Venezuela's oil exports have reached a seven-year high following the January capture and deportation of Nicolás Maduro, but the revenue from those sales flows to Washington rather than Venezuelan citizens still reeling from the world's worst peacetime economic collapse.
Since Operation Absolute Resolve resulted in Maduro's capture and transfer to US custody in January, oil sales have exceeded $1 billion, with $5 billion expected by year's end, according to industry analysts. US Energy Secretary Chris Wright visited Venezuela in February to assess oil infrastructure and coordinate production increases.

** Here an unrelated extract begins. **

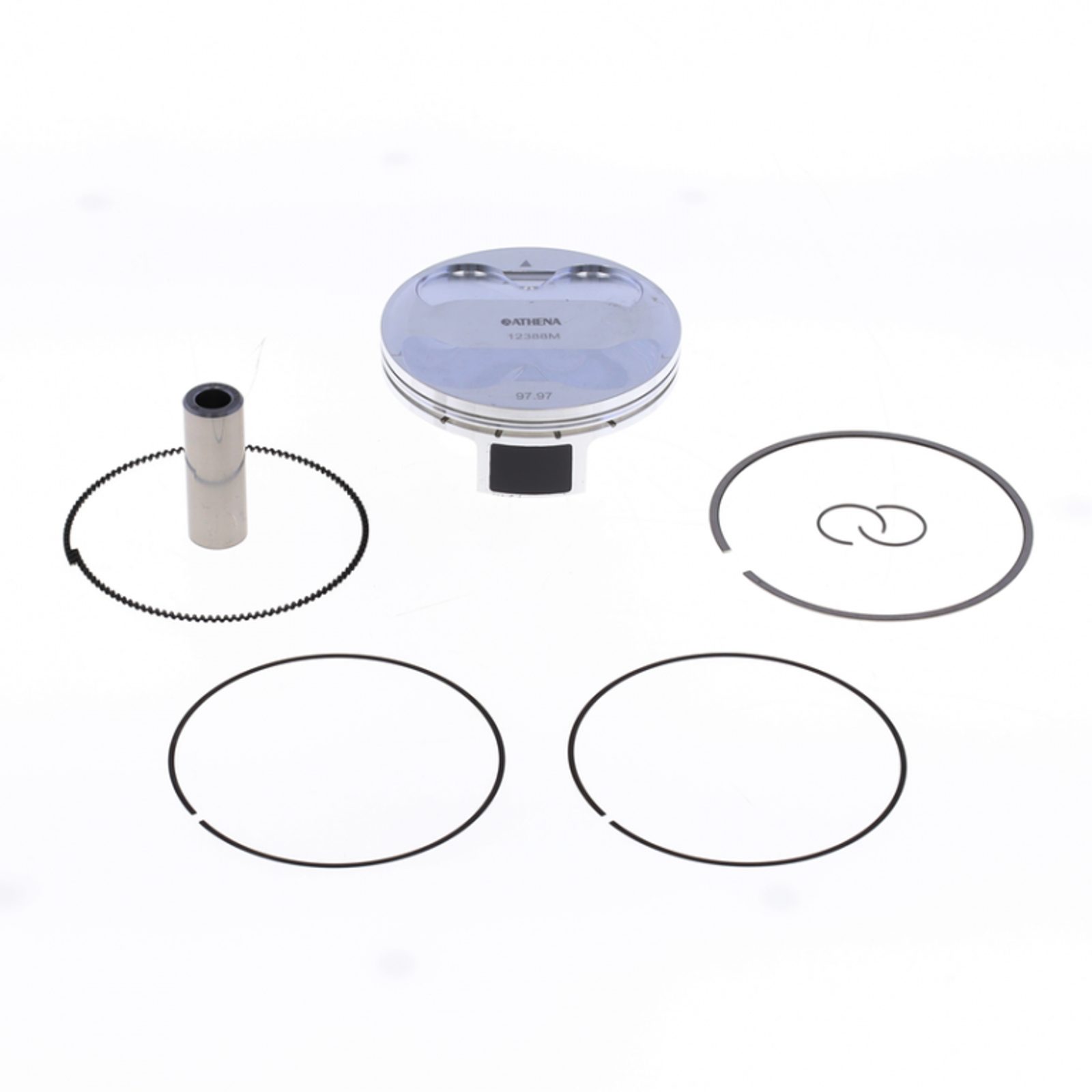 Kovaný píst sada ATHENA S4F09800011A d 97,96mm Kovaný píst vyrobený revoluční počítačem řízenou technologií odvozenou od GP a F1. Vysoký výkon a spolehlivost, dodává se kompletně s kroužky, čepem a

The interim government under acting president Rodríguez collaborated in the capture and deportation of Alex Saab, Maduro's close ally and alleged financial facilitator, cementing Washington's control over Venezuelan oil revenue streams. The arrangement has drawn sharp criticism from analysts and Venezuelan civil society organizations.
A recent Center for Strategic and International Studies report characterized the situation as "a military victory with no viable endgame," questioning the long-term sustainability of US control over Venezuelan resources without a clear democratic transition plan.
In Venezuela, as across nations experiencing collapse, oil wealth that once seemed a blessing became a curse—and ordinary people pay the price. The country's oil production, while recovering, remains only a fraction of pre-crisis levels due to catastrophic infrastructure decay during the Maduro years.
"Oil flowing and money flowing—but to Washington, not to Venezuelans," wrote one Venezuelan exile on social media. "This isn't liberation, it's resource extraction with extra steps."
Energy sector analysts note that full recovery would require a decade of sustained investment. Current production increases rely on existing infrastructure brought partially back online, rather than new development that would signal genuine long-term commitment to Venezuelan economic recovery.
The UN Security Council remains deeply divided on the crisis. In January, China and Russia condemned the operation, while most Global South nations abstained, reflecting widespread international skepticism about US actions despite opposition to Maduro's authoritarian rule.
For the seven million Venezuelans who fled the country during the economic collapse—representing one-quarter of the population—the oil revenue arrangements offer little hope of conditions improving enough to return home. Most remain in Colombia, Peru, and Chile, where they continue to strain regional resources and face discrimination.
The humanitarian toll continues unabated. Hyperinflation, food scarcity, and healthcare collapse persist despite political changes, with ordinary Venezuelans seeing little benefit from oil production increases that once would have funded robust social programs.
Environmental groups have also pressed the interim government to address illegal mining in the Amazon region, adding another dimension to questions about who controls and benefits from Venezuelan natural resources in the post-Maduro era.
The fundamental question remains unanswered: when Washington controls the revenue, who governs for the Venezuelan people?